Exercise objective.
In the copy, keep every word of the data below and none of its pictures.

Data extracts.
▬▬▬

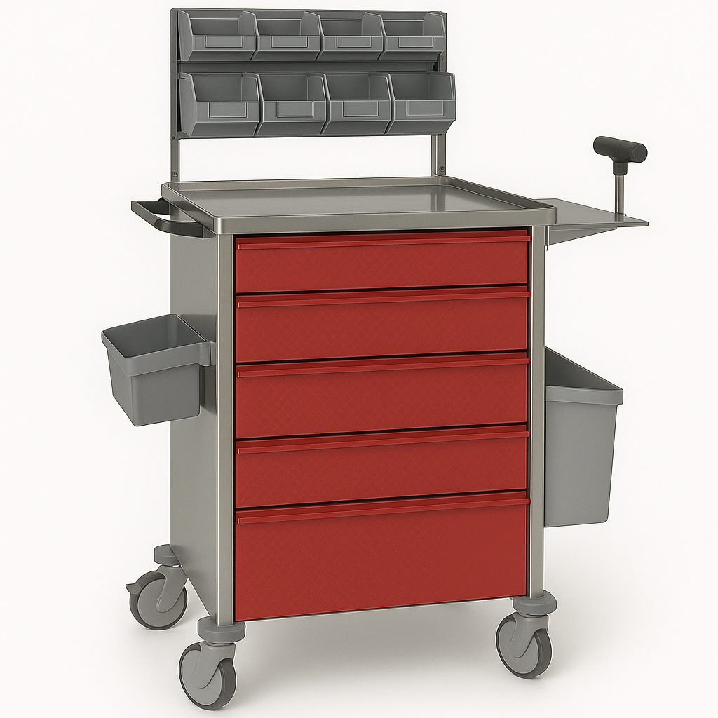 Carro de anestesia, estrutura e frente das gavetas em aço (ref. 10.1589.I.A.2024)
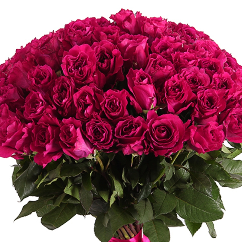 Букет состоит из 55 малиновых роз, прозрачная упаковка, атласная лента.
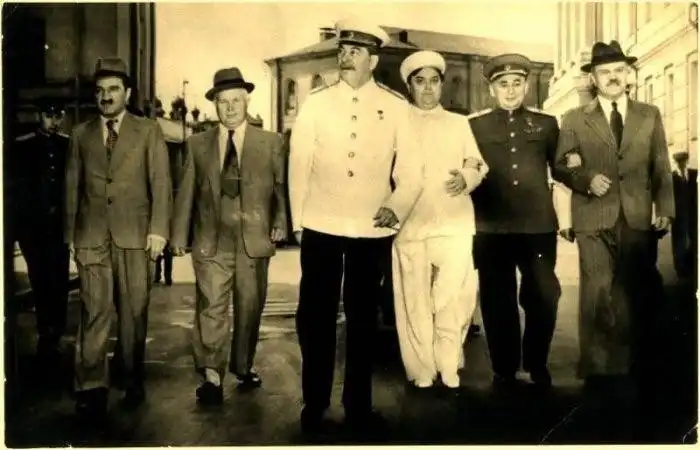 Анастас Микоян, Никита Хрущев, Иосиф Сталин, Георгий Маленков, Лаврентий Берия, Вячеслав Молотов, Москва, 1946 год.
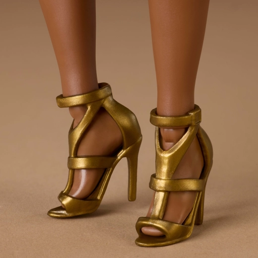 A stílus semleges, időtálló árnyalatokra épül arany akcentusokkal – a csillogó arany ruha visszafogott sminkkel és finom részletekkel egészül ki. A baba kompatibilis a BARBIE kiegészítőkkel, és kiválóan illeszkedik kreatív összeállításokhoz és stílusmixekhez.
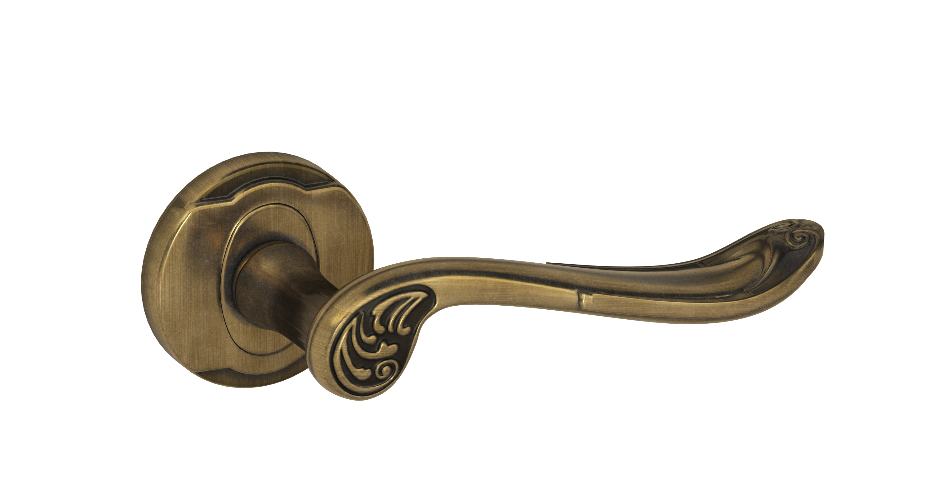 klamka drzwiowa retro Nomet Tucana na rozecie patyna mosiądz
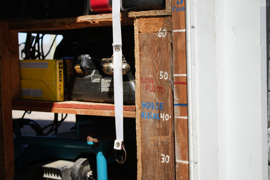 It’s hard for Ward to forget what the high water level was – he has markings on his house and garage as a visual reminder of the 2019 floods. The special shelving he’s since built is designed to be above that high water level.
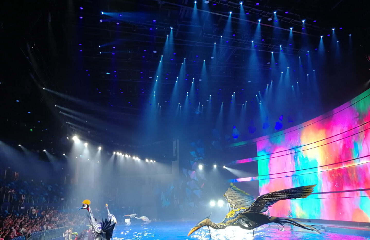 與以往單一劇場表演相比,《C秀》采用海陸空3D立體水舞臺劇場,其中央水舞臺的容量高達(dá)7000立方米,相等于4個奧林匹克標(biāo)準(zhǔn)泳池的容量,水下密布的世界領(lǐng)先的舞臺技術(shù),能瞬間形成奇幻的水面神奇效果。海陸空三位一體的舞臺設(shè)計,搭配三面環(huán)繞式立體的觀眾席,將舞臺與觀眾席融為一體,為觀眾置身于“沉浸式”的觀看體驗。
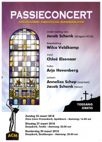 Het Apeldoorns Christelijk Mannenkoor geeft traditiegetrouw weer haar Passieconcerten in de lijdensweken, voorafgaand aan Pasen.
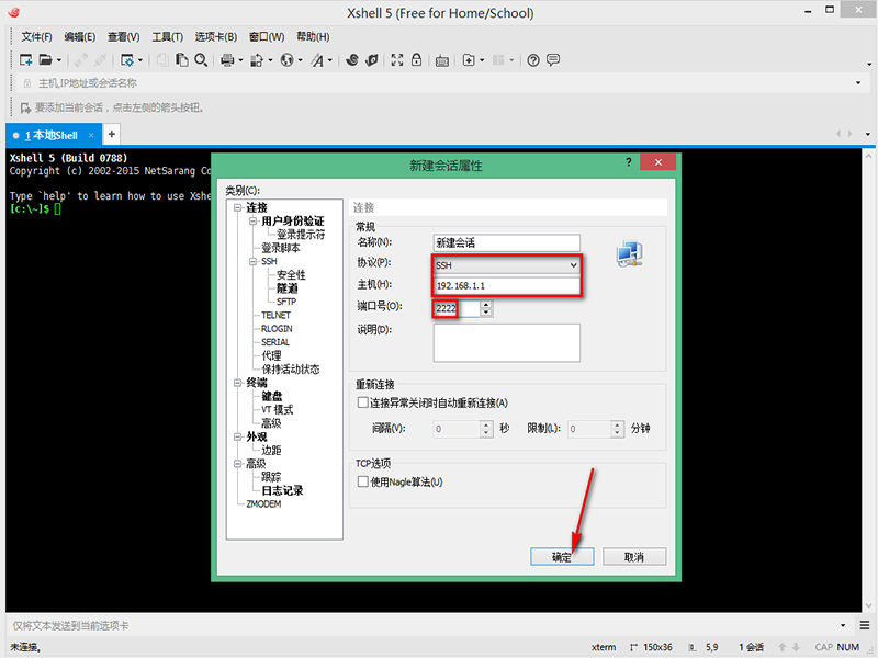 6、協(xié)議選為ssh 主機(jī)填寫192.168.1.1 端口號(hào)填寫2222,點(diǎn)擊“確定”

▬▬▬

Written answer.
 Carro de anestesia, estrutura e frente das gavetas em aço (ref. 10.1589.I.A.2024)
 Букет состоит из 55 малиновых роз, прозрачная упаковка, атласная лента.
 Анастас Микоян, Никита Хрущев, Иосиф Сталин, Георгий Маленков, Лаврентий Берия, Вячеслав Молотов, Москва, 1946 год.
 A stílus semleges, időtálló árnyalatokra épül arany akcentusokkal – a csillogó arany ruha visszafogott sminkkel és finom részletekkel egészül ki. A baba kompatibilis a BARBIE kiegészítőkkel, és kiválóan illeszkedik kreatív összeállításokhoz és stílusmixekhez.
 klamka drzwiowa retro Nomet Tucana na rozecie patyna mosiądz
 It’s hard for Ward to forget what the high water level was – he has markings on his house and garage as a visual reminder of the 2019 floods. The special shelving he’s since built is designed to be above that high water level.
 與以往單一劇場表演相比,《C秀》采用海陸空3D立體水舞臺劇場,其中央水舞臺的容量高達(dá)7000立方米,相等于4個奧林匹克標(biāo)準(zhǔn)泳池的容量,水下密布的世界領(lǐng)先的舞臺技術(shù),能瞬間形成奇幻的水面神奇效果。海陸空三位一體的舞臺設(shè)計,搭配三面環(huán)繞式立體的觀眾席,將舞臺與觀眾席融為一體,為觀眾置身于“沉浸式”的觀看體驗。
 Het Apeldoorns Christelijk Mannenkoor geeft traditiegetrouw weer haar Passieconcerten in de lijdensweken, voorafgaand aan Pasen.
 6、協(xié)議選為ssh 主機(jī)填寫192.168.1.1 端口號(hào)填寫2222,點(diǎn)擊“確定”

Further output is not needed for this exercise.